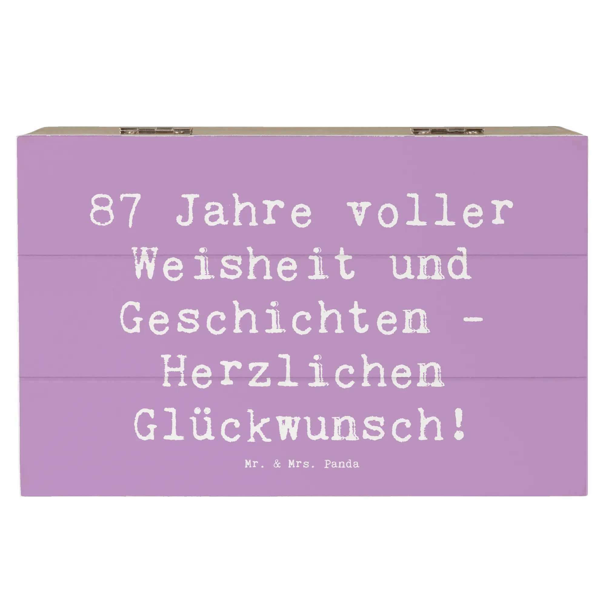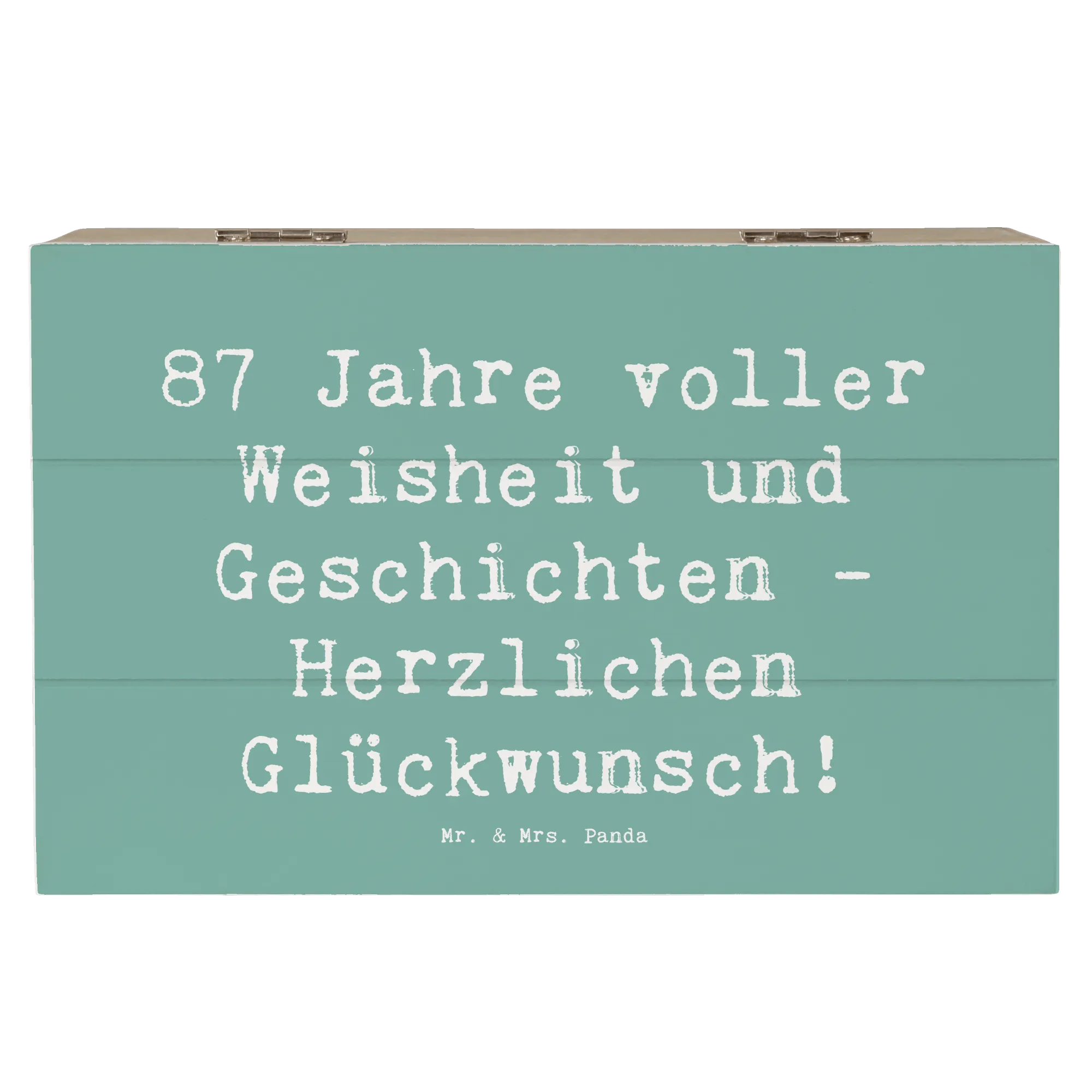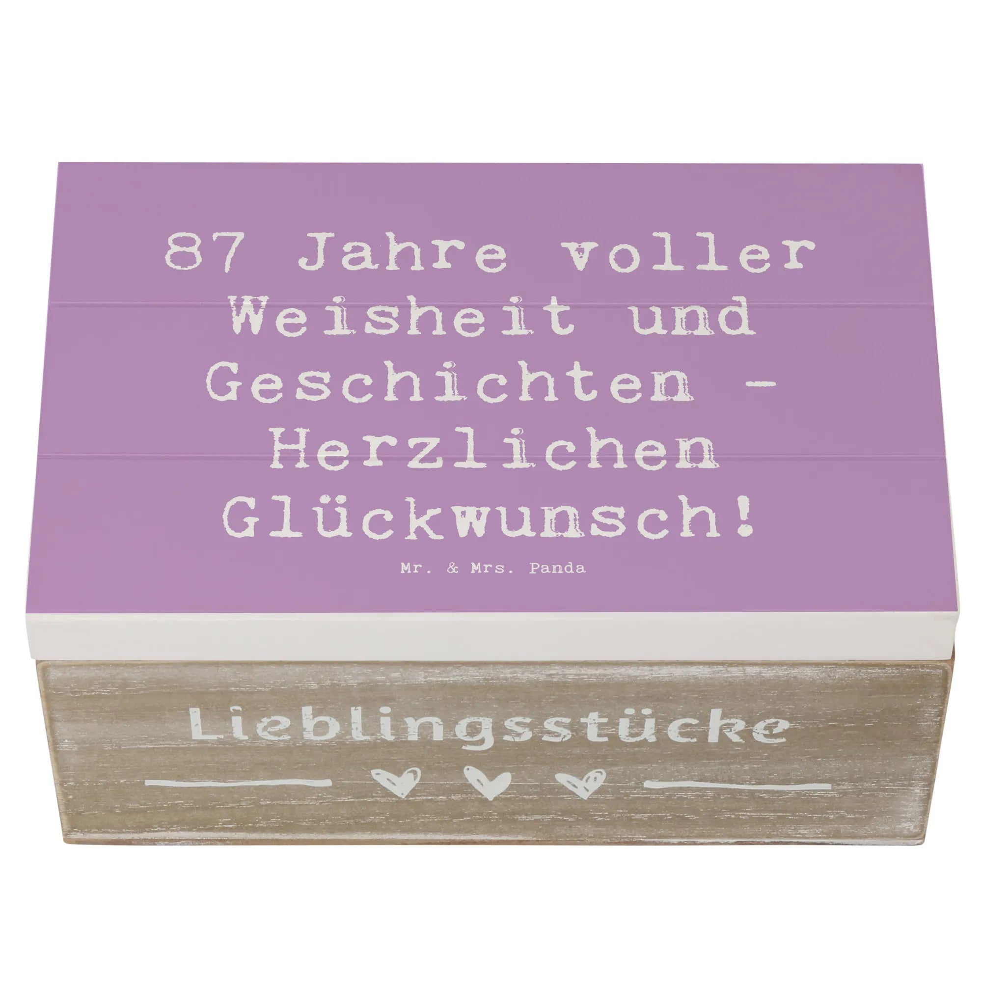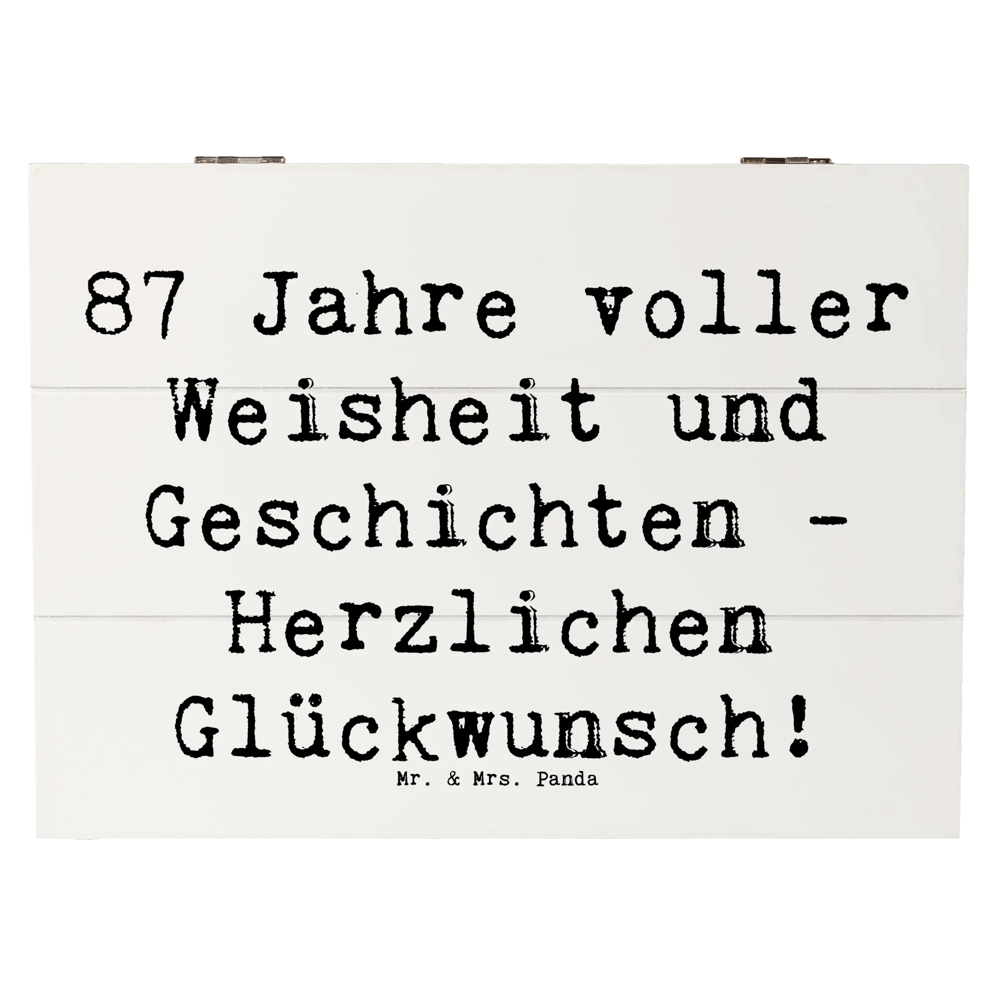 Wooden chest Saying 87 Jahre voller Weisheit und Geschichten - Herzlichen Glückwunsch! - 22 x 15 cm - White
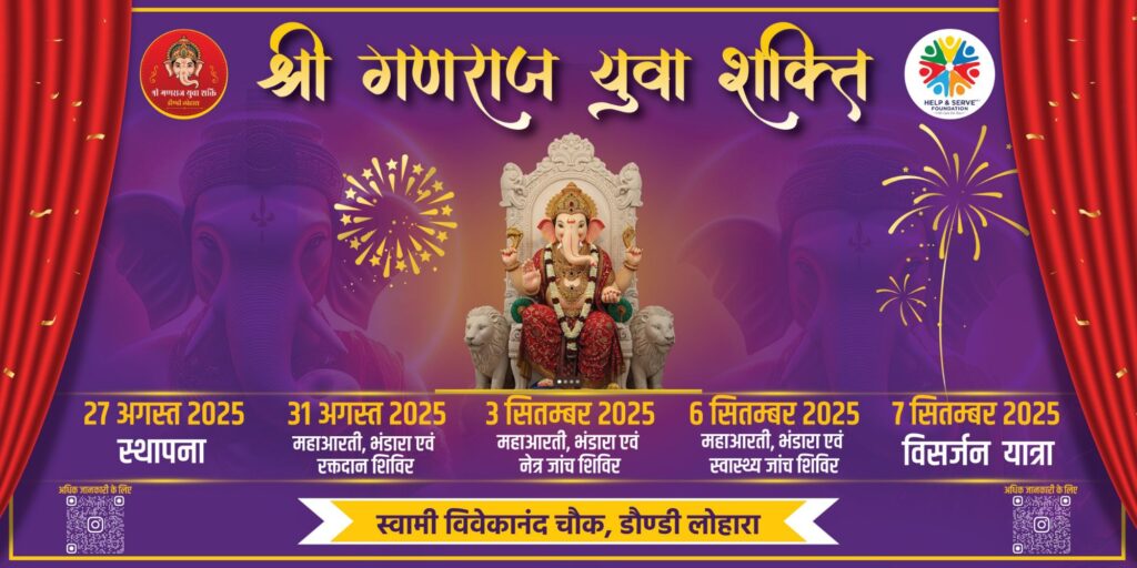 डौडीं लोहारा में गणराज युवा विकृति गणेशोत्सव के युवाओं द्वारा मुख्य मार्ग पर विशाल व भव्य मंडप द्वारा गणेश की प्रतिमा स्थापित की गई व आयोजन समिति के युवाओं द्वारा स्वास्थय शिविर के साथ रक्तदान शिविर का आयोजन होना है नगर के युवाओं का सराहनीय पहल से नगर में हर्ष का विषय है गणराज समिति के सदस्यों में अरिहंत भंसाली,बंसल जैन,अंश ठाकुर,हर्षवीर कसार,नमन लोढ़ा,दिव्य जैन,शवल जैन,संयम जैन,अक्षत जैन,तथा ऋषी जैन शामिल है
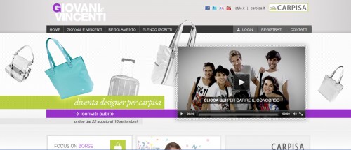 Carpisa lancia un contest online per tutti gli appassionati di design e moda perché vuole trovare tre persone qualificate da far entrare nel suo team di creativi. Partecipare al concorso è semplicissimo, infatti basta accedere al sito http://www.carpisa-giovani.it/, iscriversi al contest e uploadare tre progetti di design per la creazione di una borsa, di una valigia e di un accessorio con le varie schede tecniche.
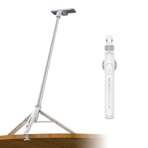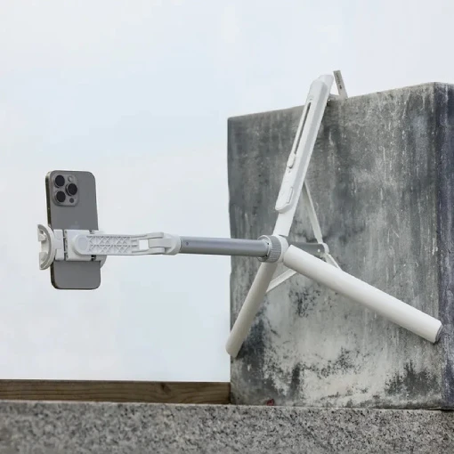 La perche est dotée d’une pince pour maintenir fermement votre téléphone, ainsi que d’un panneau magnétique MagSafe pour plus de sécurité. Cette pince est accrochée à une rotule qui permet une rotation à 360° pour des prises de vue horizontales comme verticales. Elle est équipée de fixation Cold Shoe afin de pouvoir ajouter une lampe ou un microphone. Le pied de la perche T111 est facilement déployable. Il intègre un crochet utile pour sécuriser l’accessoire au support sur lequel il est posé.
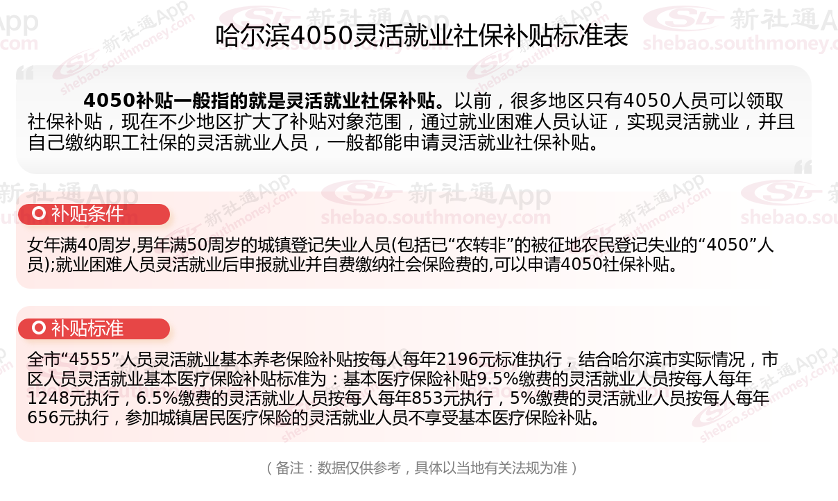 以上就是哈尔滨4050灵活就业社保补贴的相关内容,欢迎关注新社通/下载新社通APP了解更多五险一金专业资讯。
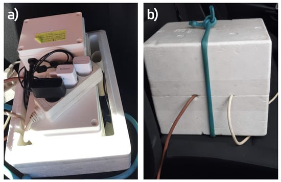 Devices under test placed in the exposure box: (a) inside the box, we placed 5 of our units with a power cord for each of them. (b) The box was closed, and the air was pumped inside the box via a 6 L/min pump to ensure a constant air flow. The air was taken from the same pipe used by the reference monitoring station.

------------------------

— Problem —
Omit the images and transcribe all of the records above word for word.

— Exercise answer —
 Wooden chest Saying 87 Jahre voller Weisheit und Geschichten - Herzlichen Glückwunsch! - 22 x 15 cm - White
 डौडीं लोहारा में गणराज युवा विकृति गणेशोत्सव के युवाओं द्वारा मुख्य मार्ग पर विशाल व भव्य मंडप द्वारा गणेश की प्रतिमा स्थापित की गई व आयोजन समिति के युवाओं द्वारा स्वास्थय शिविर के साथ रक्तदान शिविर का आयोजन होना है नगर के युवाओं का सराहनीय पहल से नगर में हर्ष का विषय है गणराज समिति के सदस्यों में अरिहंत भंसाली,बंसल जैन,अंश ठाकुर,हर्षवीर कसार,नमन लोढ़ा,दिव्य जैन,शवल जैन,संयम जैन,अक्षत जैन,तथा ऋषी जैन शामिल है
 Carpisa lancia un contest online per tutti gli appassionati di design e moda perché vuole trovare tre persone qualificate da far entrare nel suo team di creativi. Partecipare al concorso è semplicissimo, infatti basta accedere al sito http://www.carpisa-giovani.it/, iscriversi al contest e uploadare tre progetti di design per la creazione di una borsa, di una valigia e di un accessorio con le varie schede tecniche.
 La perche est dotée d’une pince pour maintenir fermement votre téléphone, ainsi que d’un panneau magnétique MagSafe pour plus de sécurité. Cette pince est accrochée à une rotule qui permet une rotation à 360° pour des prises de vue horizontales comme verticales. Elle est équipée de fixation Cold Shoe afin de pouvoir ajouter une lampe ou un microphone. Le pied de la perche T111 est facilement déployable. Il intègre un crochet utile pour sécuriser l’accessoire au support sur lequel il est posé.
 以上就是哈尔滨4050灵活就业社保补贴的相关内容,欢迎关注新社通/下载新社通APP了解更多五险一金专业资讯。
 Devices under test placed in the exposure box: (a) inside the box, we placed 5 of our units with a power cord for each of them. (b) The box was closed, and the air was pumped inside the box via a 6 L/min pump to ensure a constant air flow. The air was taken from the same pipe used by the reference monitoring station.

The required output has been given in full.